***** RECORDS PROVIDED *****

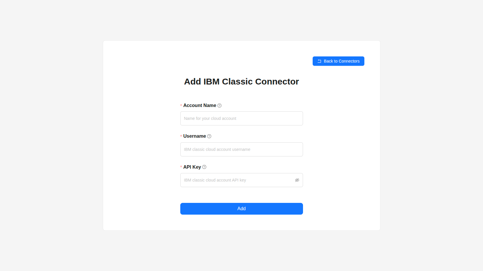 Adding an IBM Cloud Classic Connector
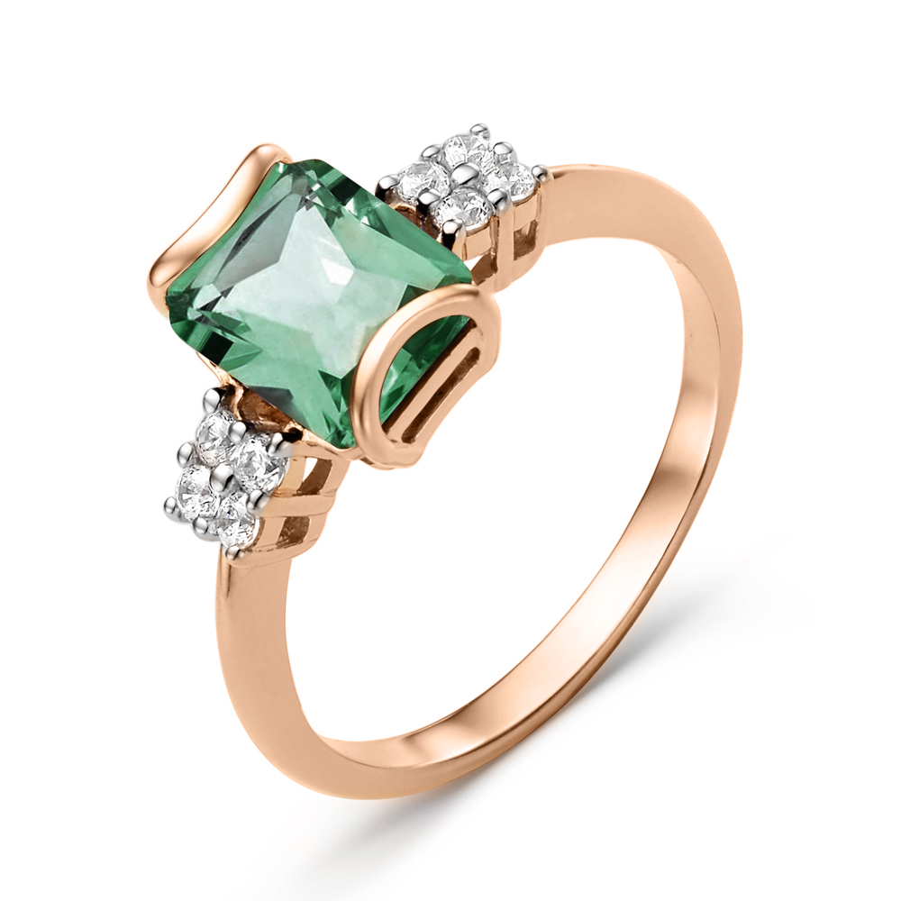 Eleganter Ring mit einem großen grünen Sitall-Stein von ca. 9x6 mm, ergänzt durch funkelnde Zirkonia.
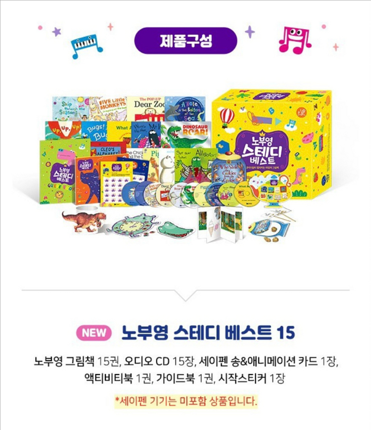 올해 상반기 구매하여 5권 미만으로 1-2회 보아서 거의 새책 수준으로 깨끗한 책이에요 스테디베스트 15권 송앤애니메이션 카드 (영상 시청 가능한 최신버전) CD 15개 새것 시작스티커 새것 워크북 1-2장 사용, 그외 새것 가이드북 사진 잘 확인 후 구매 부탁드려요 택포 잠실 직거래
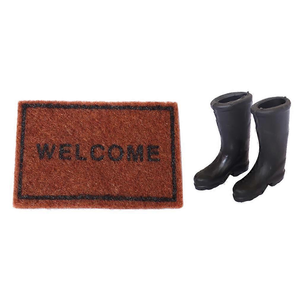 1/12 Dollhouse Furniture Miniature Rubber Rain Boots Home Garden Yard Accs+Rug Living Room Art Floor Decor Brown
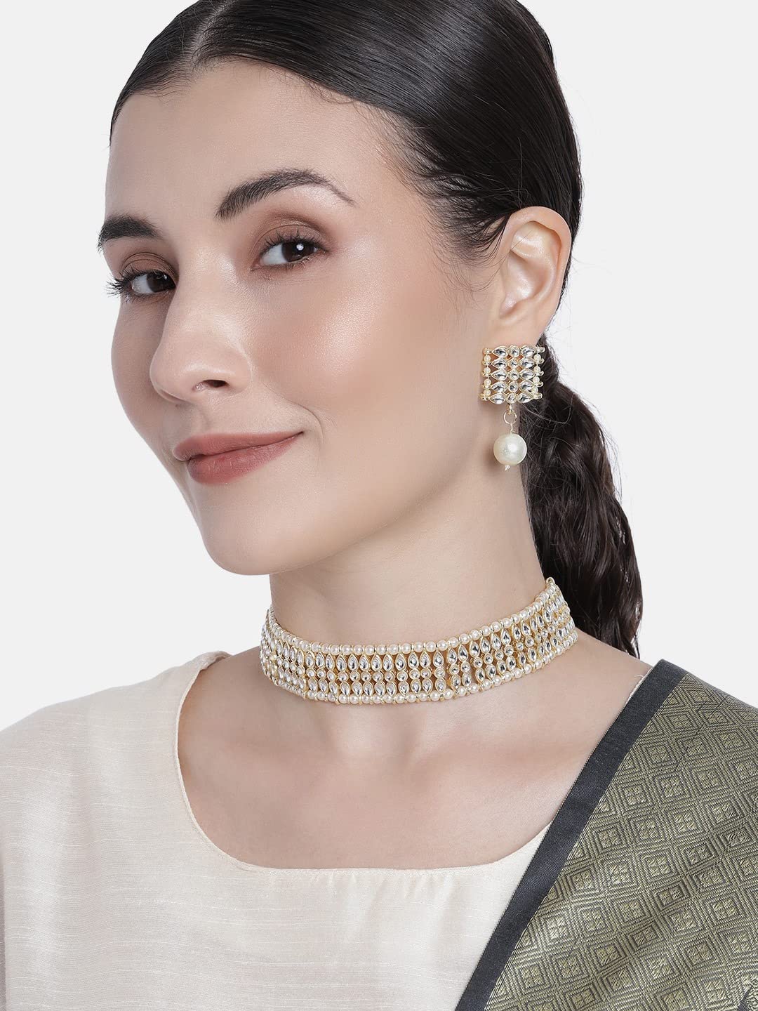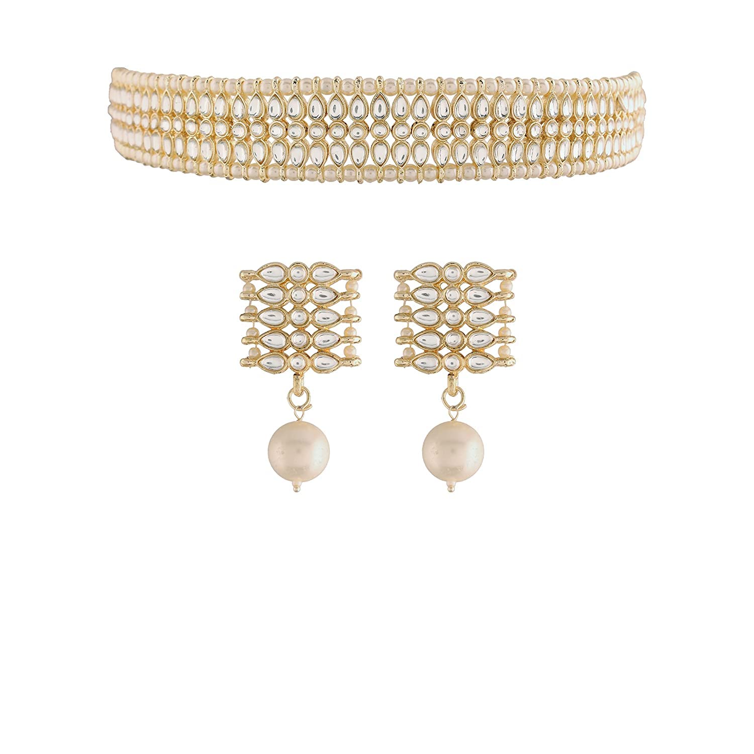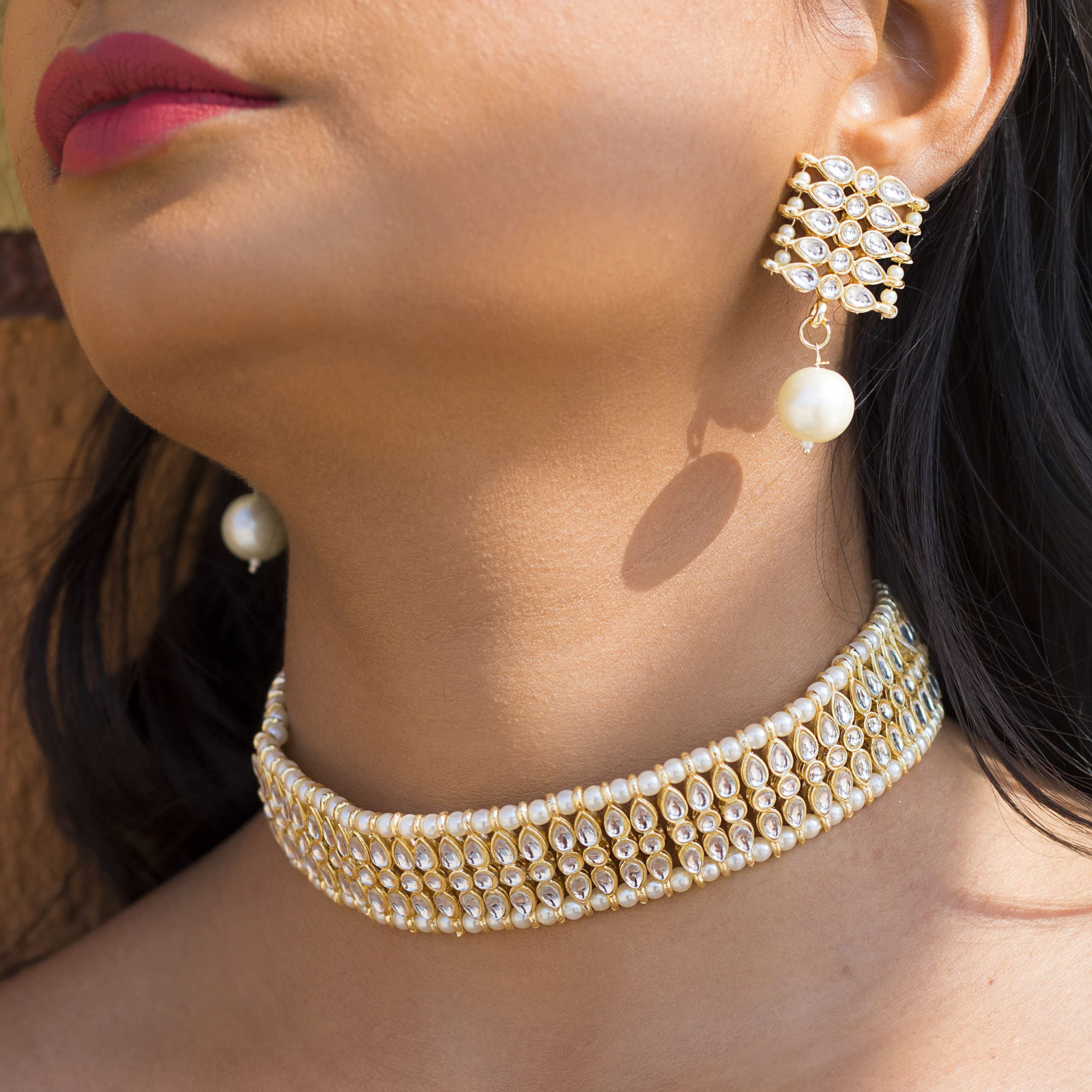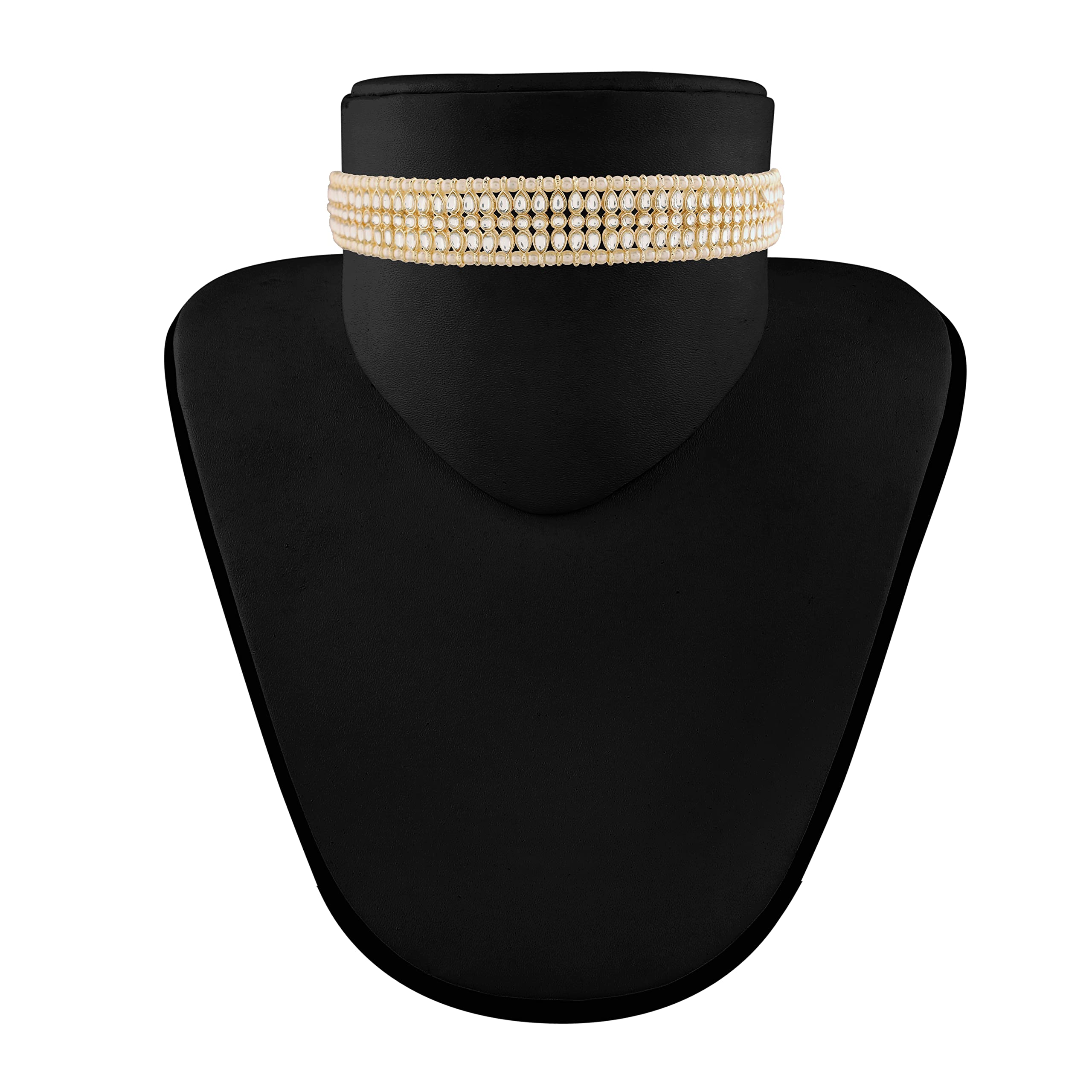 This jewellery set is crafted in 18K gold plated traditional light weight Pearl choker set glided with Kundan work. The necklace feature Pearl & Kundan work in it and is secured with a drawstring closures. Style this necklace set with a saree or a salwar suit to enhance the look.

*****

- WORK TO BE COMPLETED -
Beginning with the line that holds "1/12 Dollhouse Furniture", output each line to the end of the material above, exactly, omitting the pictures.

- ANSWER FOR THE TASK -
 1/12 Dollhouse Furniture Miniature Rubber Rain Boots Home Garden Yard Accs+Rug Living Room Art Floor Decor Brown
 This jewellery set is crafted in 18K gold plated traditional light weight Pearl choker set glided with Kundan work. The necklace feature Pearl & Kundan work in it and is secured with a drawstring closures. Style this necklace set with a saree or a salwar suit to enhance the look.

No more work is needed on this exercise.